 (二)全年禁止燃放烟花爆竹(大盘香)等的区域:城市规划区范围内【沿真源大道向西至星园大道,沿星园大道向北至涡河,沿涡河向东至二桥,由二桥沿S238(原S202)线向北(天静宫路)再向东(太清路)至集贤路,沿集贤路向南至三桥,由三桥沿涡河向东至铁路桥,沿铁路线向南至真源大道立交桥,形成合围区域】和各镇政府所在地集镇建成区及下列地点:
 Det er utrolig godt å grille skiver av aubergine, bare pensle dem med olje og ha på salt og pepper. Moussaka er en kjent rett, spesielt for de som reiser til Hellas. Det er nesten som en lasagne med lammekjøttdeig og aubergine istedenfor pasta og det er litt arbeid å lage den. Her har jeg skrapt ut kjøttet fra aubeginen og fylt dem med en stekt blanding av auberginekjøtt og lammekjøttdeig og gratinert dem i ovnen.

---

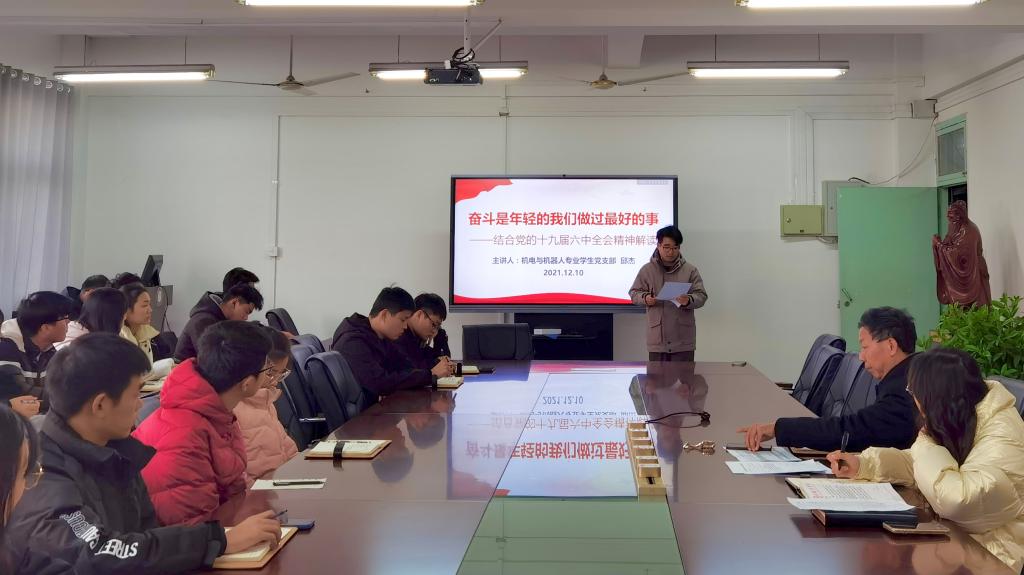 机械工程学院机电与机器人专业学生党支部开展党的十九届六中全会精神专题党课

ABOUT THIS TASK >>
A verbatim transcription is needed of the lines above, starting at the line with "(二)全年禁止燃放烟花爆竹(大盘香)等的" and ending at the line with "Det er utrolig", both included, and of nothing else.

RESPONSE FOR THIS EXERCISE >>
 (二)全年禁止燃放烟花爆竹(大盘香)等的区域:城市规划区范围内【沿真源大道向西至星园大道,沿星园大道向北至涡河,沿涡河向东至二桥,由二桥沿S238(原S202)线向北(天静宫路)再向东(太清路)至集贤路,沿集贤路向南至三桥,由三桥沿涡河向东至铁路桥,沿铁路线向南至真源大道立交桥,形成合围区域】和各镇政府所在地集镇建成区及下列地点:
 Det er utrolig godt å grille skiver av aubergine, bare pensle dem med olje og ha på salt og pepper. Moussaka er en kjent rett, spesielt for de som reiser til Hellas. Det er nesten som en lasagne med lammekjøttdeig og aubergine istedenfor pasta og det er litt arbeid å lage den. Her har jeg skrapt ut kjøttet fra aubeginen og fylt dem med en stekt blanding av auberginekjøtt og lammekjøttdeig og gratinert dem i ovnen.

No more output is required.